Concepts in Practice

What is data science?

What is the first stage of any data science life cycle?
  1. data visualization
  2. data cleanup
  3. data acquisition
How many stages does the data science life cycle have?
  1. 3
  2. 4
  3. 5
What does a data scientist do in the data exploration stage?
  1. document insights and visualization
  2. analyze data
  3. data cleaning and visualization

Data science tools

Several tools and software are commonly used in data science. Here are some examples.

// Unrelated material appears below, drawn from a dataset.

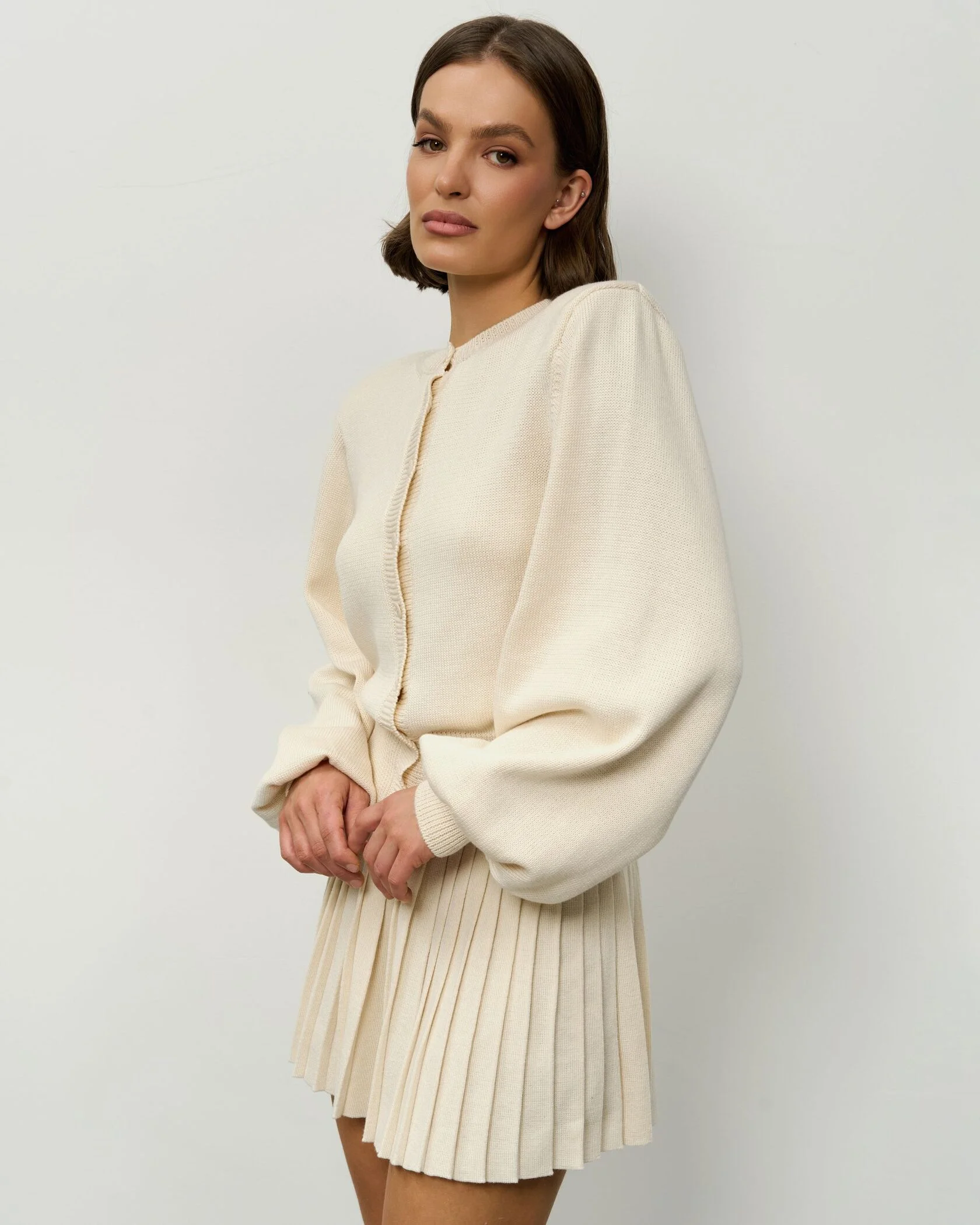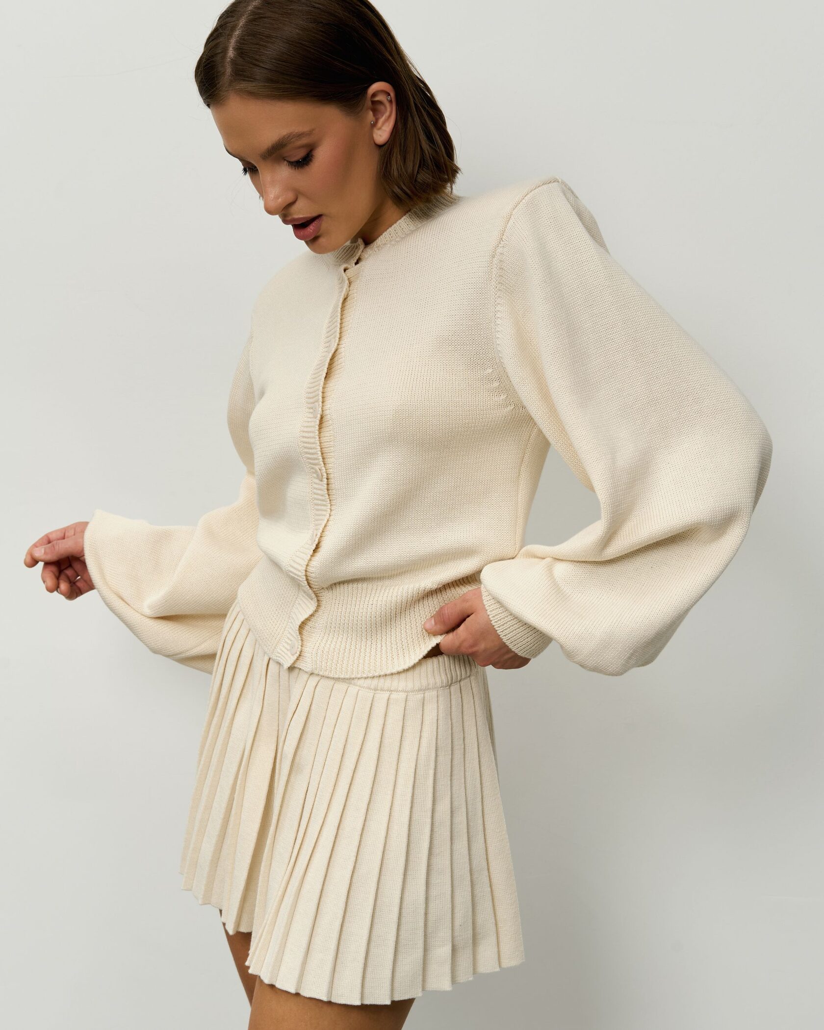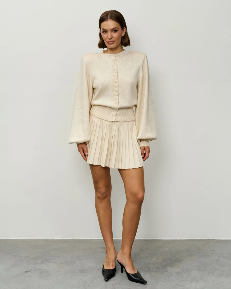 Вязаный костюм в молочном цвете — это безупречный выбор для дневных выходов, атмосферных свиданий и образов, где важны нежность и утонченность.

  • Python programming language: Python is widely used in data science. It has a large system of libraries designed for data analysis, machine learning, and visualization. Some popular Python libraries for data science include NumPy, Pandas, Matplotlib, Seaborn, and scikit-learn. In this chapter, you will explore some of these libraries.
  • R programming language: R is commonly used in statistical computing and data analysis, and it offers a wide range of packages and libraries tailored for data manipulation, statistical modeling, and visualization.
  • Jupyter Notebook/JupyterLab: Jupyter Notebook and JupyterLab are web-based interactive computing environments that support multiple programming languages, including Python and R. They allow a programmer to create documents that contain code, visualizations, and text, making them suitable for data exploration, analysis, and reporting.
  • Google Colaboratory: Google Colaboratory is a cloud-based Jupyter Notebook environment that allows a programmer to write, run, and share Python code online. In this chapter, you will use Google Colaboratory to practice data science concepts.
  • Kaggle Kernels: Kaggle Kernels is an online data science platform that provides a collaborative environment for building and running code. Kaggle Kernels support Python and R and offers access to datasets, pre-installed libraries, and computational resources. Kaggle also hosts data science competitions and provides a platform for sharing and discovering data science projects.
  • Excel/Sheets: Microsoft Excel and Google Sheets are widely used spreadsheet applications that offer basic data analysis and visualization capabilities. They can help beginners get started with data manipulation, basic statistical calculations, and simple visualizations.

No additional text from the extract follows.